Termine gehören auch nicht auf die To-Do Liste sondern in den Terminkalender. Bedarf ein Termin einer umfangreichen Vorbereitung oder Recherche, kann das wiederum ein Punkt auf der To-Do Liste sein.

Was auf deine To-Do Liste gehört

Auf deine To-Do Liste gehören Sonderaufgaben die einmalig oder nur selten anfallen wie z.B. eine Reservierung, Recherche, Bestellung oder die Besorgung einer Aufmerksamkeit für Geschäftspartner. 

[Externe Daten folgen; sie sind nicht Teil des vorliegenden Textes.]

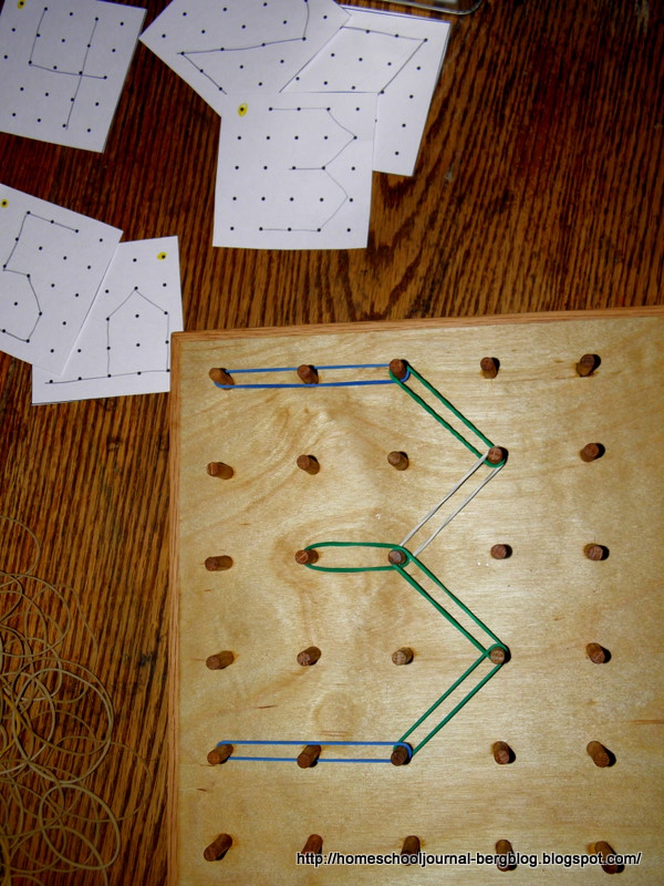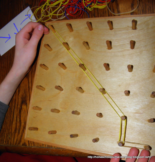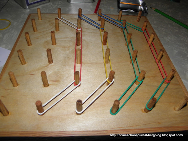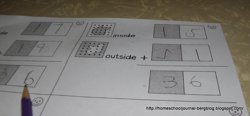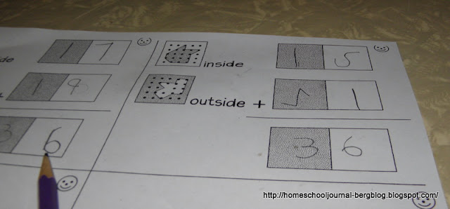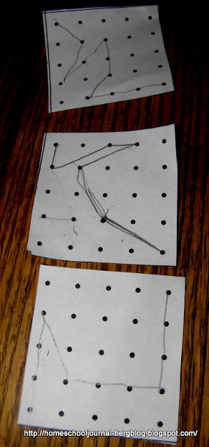 and made our graph 3 boxes by 2 boxes and wrote the numerals around the top and right hand edges. We then copied what the first (1) and second (2) boxes of the bones had in them. We then added the numerals on a diagonal, getting the correct answer; 1,476.You have to use a slightly different method of adding up the numbers if you get numbers that have carrying in them. For this problem, for example, 123 x 67, you will get the numerals from left to right, 7 1,14,11 and 7. If you get numerals over 9, you must carry them over into column addition. You write down the numeral(s) and then add the number of 0's after it that corresponds to the number of columns after it. Since 1 is in the first row, it gets no 0's after it. 14 is in the next row, and it has only 1 row after it, so you write down 14 with 1 0 behind it, or 140. The next row has 11 in it (pardon the odd looking numerals; my son made a mistake in his addition the first time and got 10, but then changed it to an 11) so you write 11 with two 0's behind it for the two columns, or 1100. The last row has a 7 in it and it has three 0's behind it for the three rows, or 7000. Add these numbers together and you will get 8,241; the correct answer. This is something that is complicated to explain but easy to use once you understand how it goes. All a child needs to be able to do is add two digit numbers.
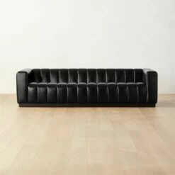 Forte 101″ Extra-Large Channeled Black Leather Sofa 102″Wx36.5″Dx26.5″H

Ausserdem Dringendes und Angelegenheiten mit Fristen wie die Buchung von Flügen, Kündigungen, Bestellung von Flyern und Plakaten und, wenn es mal wieder knapp wird, die Buchhaltung. Das Anmelden deines neuen Gewerbes oder die Eröffnung eines weiteren Geschäftskontos.

Auch Dinge die nicht von großer Tragweite aber dennoch wichtig sind, können auf die To-Do Liste. Das kann sein, den Anzug zur Reinigung zu bringen, Druckerpapier zu besorgen oder die 50 Euro zu überweisen die du dir bei der Kollegin geliehen hast.

Nun hast du eine Anleitung für deine To-Do Liste und weißt, was darauf gehört und was nicht. Das wird dir helfen deine Aufgaben zu strukturieren und effektiver zu arbeiten. Verbringe nicht deine Zeit damit, To-Do Listen, Kalender und Checklisten aufwändig zu pflegen. Sie sind für dich da, nicht du für sie. Sie sollen dir helfen effizient zu arbeiten, werden aber deine Arbeit nicht für dich erledigen.

Fazit

To-Do Listen sind eine gute Sache. Verbringe aber nicht deine kostbare Zeit damit sie zu pflegen wie ein Rennpferd. Nimm dir ein Din A4 Blatt, falte und beschrifte es wie oben beschrieben. Notiere dir pro Tag maximal 3 Punkte, die erledigt werden müssen. Nach 14 Tagen ist das Blatt voll. Hefte es ab und starte mit einem neuen. Auf geht´s.

Welche Form der To-Do Liste benutzt du bisher?